Data Engineering Internship KBC Bank & Insurance - LeCa Team

Improving Traceability in Marketing Data Pipelines

Marketing campaigns need a reliable list of clients to contact. I investigated a pipeline where every client should either end up in the final campaign target list or be logged with a clear reason for being filtered out.

Context

Enterprise data quality, with real business impact.

Marketing campaigns start with a large list of potential clients. Before a campaign can be sent, this list passes through a data pipeline that combines information from multiple sources and applies a series of business rules. At each stage, some clients continue toward the final campaign while others are filtered out for specific reasons, such as eligibility rules, exclusions, or communication constraints.

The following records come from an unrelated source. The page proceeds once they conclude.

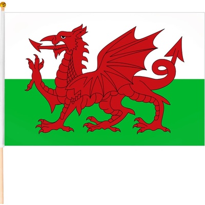 Oficiální vlajka Walesu Rozměry vlajky: 45 x 30 cmMateriál: 100% polyesterDélka dřevěné tyče: 61 cm *Horní zakončení vlajky obsahuje zlatou plastovou kouli nebo béžovou...
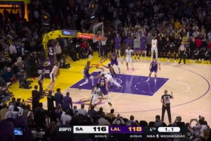 馬刺湖人裁判報告:馬刺最后0.04秒誤獲球權(quán) 球由凱爾登碰出底線
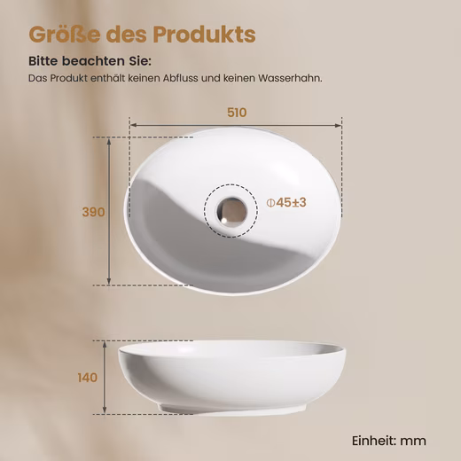 - Space-saving: The washbasin is compact and has a bright white. It comes without a waste set and drain pipes, which makes your bathroom décor cleaner and tidier.
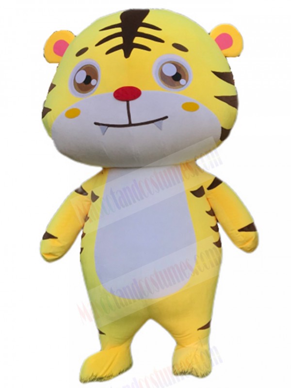 Calm Yellow Tiger Mascot Costume with White Belly Cartoon
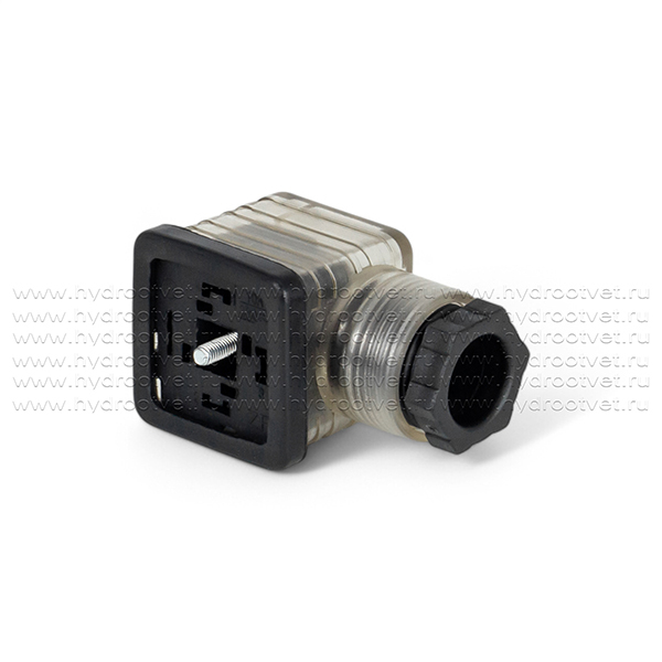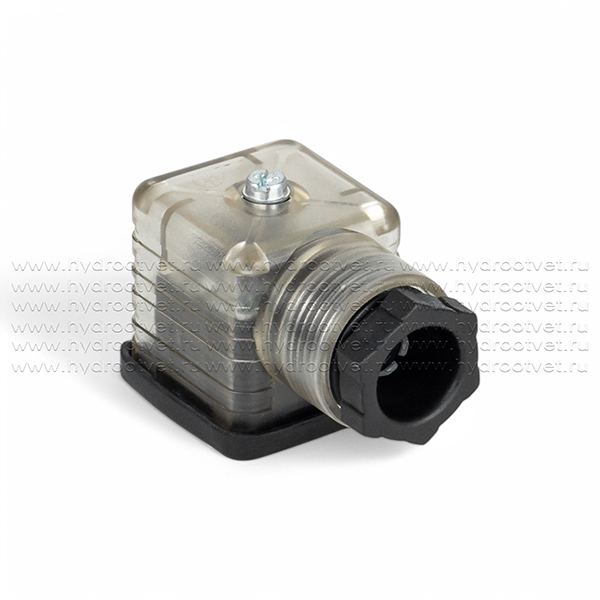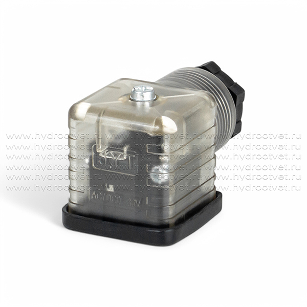 Штепсель Plug №1 DC представляет собой штекер Z5L для электроразъема электромагнита гидравлического клапана, с индикацией, корпус прозрачный, без кабеля, по стандарту DIN 43650 ISO 4400, для постоянного тока макс.24В
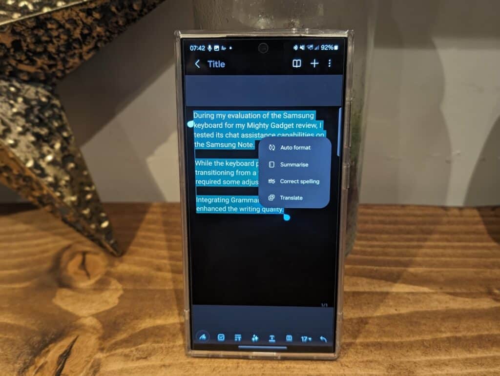 The Samsung Notes app includes some great AI features like Auto Format, Summarise, Translate and Correct Spelling.
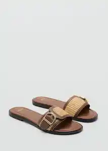 Par. Diseño Destalonado Flat Hebilla Decorativa Punta Redonda Sin Cierre Tejido de Rafia Tejido Mezcla de Piel - 87027167_Cu.
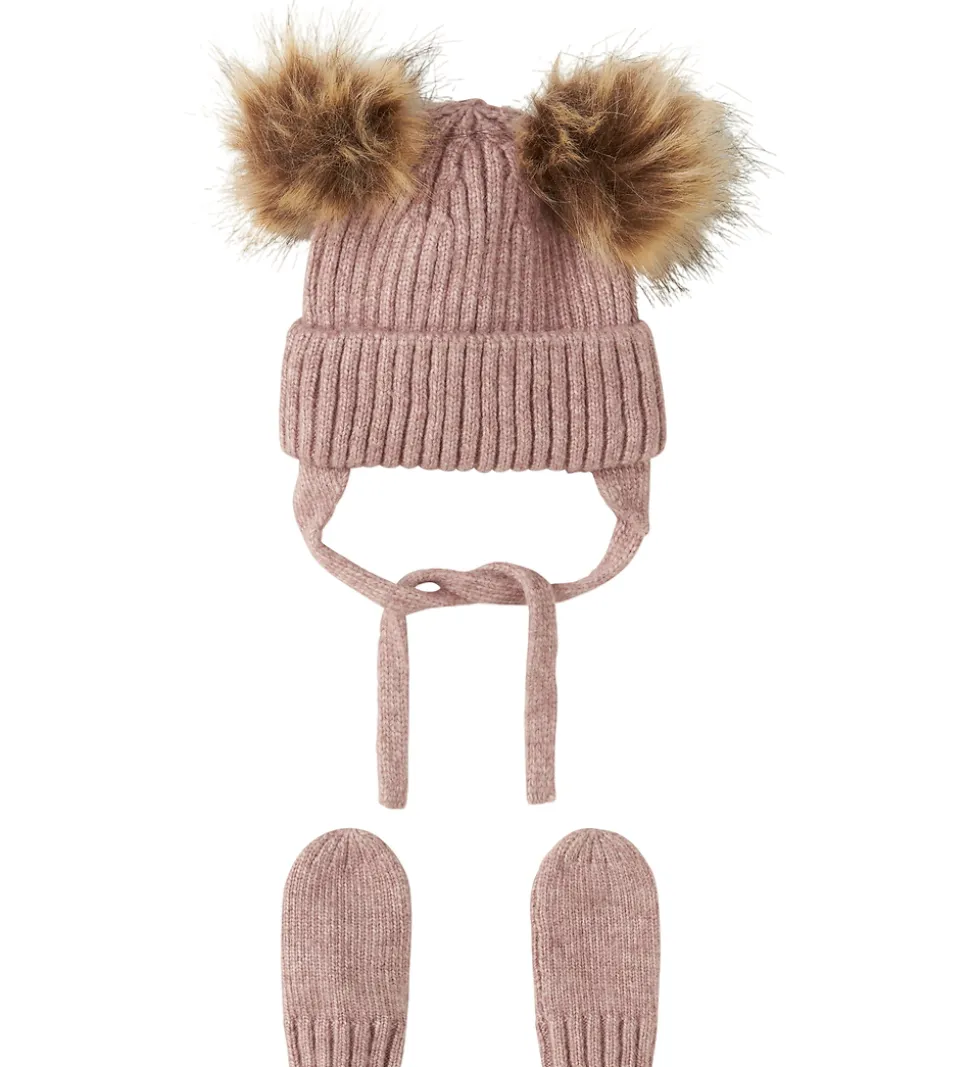 Lækkert Name It sæt bestående af en en hue samt et par luffer i meleret, rosa strik.

To keep the process explainable, every client should have a traceable outcome: either they appear in the final campaign target list or they are recorded in a traceability dataset explaining why they were removed. The problem I investigated was that the total number of final targets plus logged dropouts did not always match the number of clients that entered the pipeline. My work focused on finding where these discrepancies originated and making the investigation process repeatable.

Problem

The number of clients entering the campaign pipeline did not always match the combined number of final campaign targets and traceability records. This meant some missing, duplicated, or unexplained records had to be investigated.

My Role

I traced records across stages, compared counts, analyzed joins and filters, validated findings with dashboards, and documented a repeatable investigation workflow.

Confidentiality

Internal datasets, repositories, and implementation details are generalized here while preserving the project logic and learning outcomes.

Objective

Every client entering the pipeline should either reach the final campaign output or have a documented reason explaining why they were filtered out.

Pipeline Flow

How campaign targets are created.

Each campaign begins with a population of potential clients. The pipeline progressively filters, enriches, and validates these records until the final target list is produced. Clients that do not continue should be captured in traceability reporting with an explanation.

01

FSR

Initial client selection

02

CE

Configurable exclusions

03

OS

Offer selection baseline

04

OE

Offer enrichment logic

05

BU

Buffer update

06

BS

Buffer selection

07

LV + DT

Output or traceability

Validation equation

The investigation checked whether the clients that entered the later pipeline stage could be fully accounted for as either final output or traceability records.

Input = Final targets + Logged dropouts
Methodology

A reusable debugging workflow.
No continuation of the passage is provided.